Retype the whole listing, please, keeping every line exact and dropping the pictures.
[DATA EXTRACT — start]
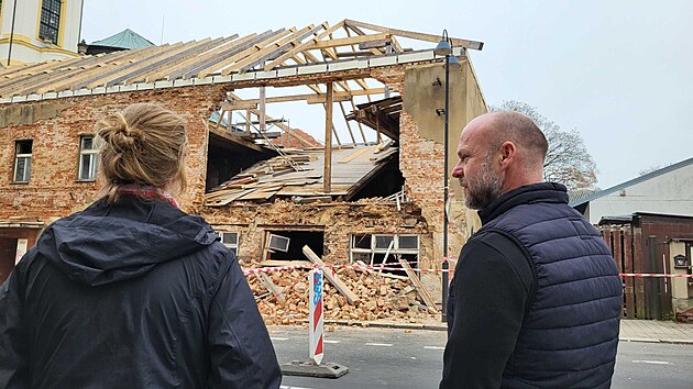 V Novém Boru na Českolipsku se částečně zřítila nejstarší budova, bývalá restaurace Pošta. (7. 11. 2024)
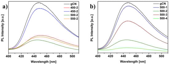 Figure 7 presents the photoluminescence spectra of the studied samples. The reference gCN exhibits a strong emission peak centered at 450 nm, resulting from the fast recombination of photogenerated charge carriers []. All modified materials show notably extinct PL peaks with the increase in the temperature and duration of treatment. The PL spectrum of 500-4 shows the lowest PL intensity as compared to reference gCN, indicating the lowest rate of photogenerated carrier recombination, which is beneficial for photocatalytic performance. Broadened optical absorption in the visible range, higher specific surface area, and lower recombination rate of the hydrogen-treated carbon nitrides suggest boosting photocatalytic activity [].
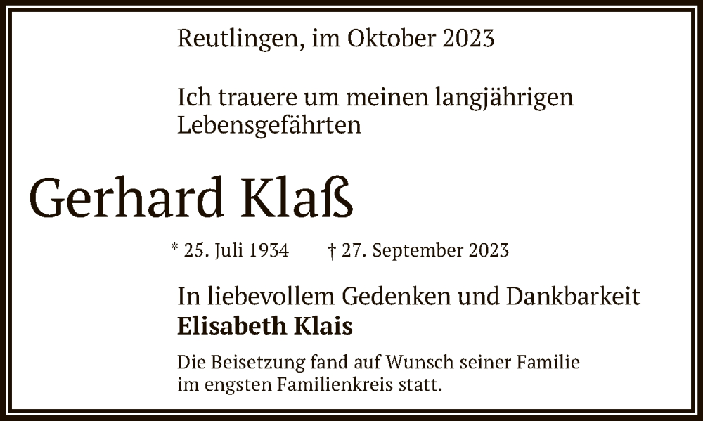 Hier finden Sie alle Traueranzeigen aus der Zeitung, die bisher für Gerhard Klaß erschienen sind. Weitere Traueranzeigen, die in der Zeitung erscheinen, werden hier ebenfalls aufgelistet
[DATA EXTRACT — finish]
● COMPLETED TASK:
 V Novém Boru na Českolipsku se částečně zřítila nejstarší budova, bývalá restaurace Pošta. (7. 11. 2024)
 Figure 7 presents the photoluminescence spectra of the studied samples. The reference gCN exhibits a strong emission peak centered at 450 nm, resulting from the fast recombination of photogenerated charge carriers []. All modified materials show notably extinct PL peaks with the increase in the temperature and duration of treatment. The PL spectrum of 500-4 shows the lowest PL intensity as compared to reference gCN, indicating the lowest rate of photogenerated carrier recombination, which is beneficial for photocatalytic performance. Broadened optical absorption in the visible range, higher specific surface area, and lower recombination rate of the hydrogen-treated carbon nitrides suggest boosting photocatalytic activity [].
 Hier finden Sie alle Traueranzeigen aus der Zeitung, die bisher für Gerhard Klaß erschienen sind. Weitere Traueranzeigen, die in der Zeitung erscheinen, werden hier ebenfalls aufgelistet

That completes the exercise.